*Task requirements*.
Counting from the line that holds "36x28 - 3 Panels", return each line exactly, through and including the last line of the entries.

*Items from a data source*.
_ _ _ _ _

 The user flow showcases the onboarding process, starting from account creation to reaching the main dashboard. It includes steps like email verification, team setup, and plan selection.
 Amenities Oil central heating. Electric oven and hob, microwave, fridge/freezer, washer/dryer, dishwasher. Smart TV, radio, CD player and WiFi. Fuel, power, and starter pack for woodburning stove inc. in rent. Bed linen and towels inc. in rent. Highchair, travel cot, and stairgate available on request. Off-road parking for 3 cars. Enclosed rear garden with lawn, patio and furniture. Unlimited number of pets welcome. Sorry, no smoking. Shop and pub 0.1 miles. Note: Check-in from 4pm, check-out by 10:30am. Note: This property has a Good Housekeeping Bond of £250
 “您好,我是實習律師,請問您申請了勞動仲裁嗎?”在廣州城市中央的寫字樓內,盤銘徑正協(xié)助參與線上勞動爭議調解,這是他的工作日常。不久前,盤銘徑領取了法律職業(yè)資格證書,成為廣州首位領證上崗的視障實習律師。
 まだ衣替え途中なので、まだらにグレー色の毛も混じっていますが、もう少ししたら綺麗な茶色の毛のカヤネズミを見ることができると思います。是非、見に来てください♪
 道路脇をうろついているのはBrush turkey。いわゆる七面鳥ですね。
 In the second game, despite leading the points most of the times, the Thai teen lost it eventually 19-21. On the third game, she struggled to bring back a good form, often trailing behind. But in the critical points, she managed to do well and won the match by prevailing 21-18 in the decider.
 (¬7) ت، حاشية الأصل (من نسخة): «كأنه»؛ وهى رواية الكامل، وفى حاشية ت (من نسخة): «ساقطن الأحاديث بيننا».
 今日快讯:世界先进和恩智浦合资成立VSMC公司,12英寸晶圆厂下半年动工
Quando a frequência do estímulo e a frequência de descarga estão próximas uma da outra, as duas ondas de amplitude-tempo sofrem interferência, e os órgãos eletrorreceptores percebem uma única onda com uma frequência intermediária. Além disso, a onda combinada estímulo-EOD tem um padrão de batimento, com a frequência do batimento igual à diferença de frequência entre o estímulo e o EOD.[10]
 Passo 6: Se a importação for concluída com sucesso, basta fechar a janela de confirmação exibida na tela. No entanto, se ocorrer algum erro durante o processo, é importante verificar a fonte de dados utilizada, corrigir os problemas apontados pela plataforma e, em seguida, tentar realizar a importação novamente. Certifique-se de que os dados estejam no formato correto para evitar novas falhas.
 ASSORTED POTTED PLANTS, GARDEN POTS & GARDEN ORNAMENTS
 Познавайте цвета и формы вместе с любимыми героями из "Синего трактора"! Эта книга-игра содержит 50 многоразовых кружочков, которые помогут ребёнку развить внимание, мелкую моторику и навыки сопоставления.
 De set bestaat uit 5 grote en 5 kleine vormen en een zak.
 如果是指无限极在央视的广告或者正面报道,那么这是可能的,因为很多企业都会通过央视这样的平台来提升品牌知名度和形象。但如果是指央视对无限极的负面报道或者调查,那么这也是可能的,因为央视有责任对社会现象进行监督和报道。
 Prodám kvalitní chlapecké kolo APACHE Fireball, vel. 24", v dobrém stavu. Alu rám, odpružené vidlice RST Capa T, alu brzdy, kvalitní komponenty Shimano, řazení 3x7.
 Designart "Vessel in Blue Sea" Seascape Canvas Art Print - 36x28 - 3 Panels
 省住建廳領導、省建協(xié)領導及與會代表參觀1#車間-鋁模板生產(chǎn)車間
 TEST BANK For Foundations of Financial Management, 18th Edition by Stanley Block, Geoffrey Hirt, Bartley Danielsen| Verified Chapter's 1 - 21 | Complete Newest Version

_ _ _ _ _

*Output below*.
 Designart "Vessel in Blue Sea" Seascape Canvas Art Print - 36x28 - 3 Panels
 省住建廳領導、省建協(xié)領導及與會代表參觀1#車間-鋁模板生產(chǎn)車間
 TEST BANK For Foundations of Financial Management, 18th Edition by Stanley Block, Geoffrey Hirt, Bartley Danielsen| Verified Chapter's 1 - 21 | Complete Newest Version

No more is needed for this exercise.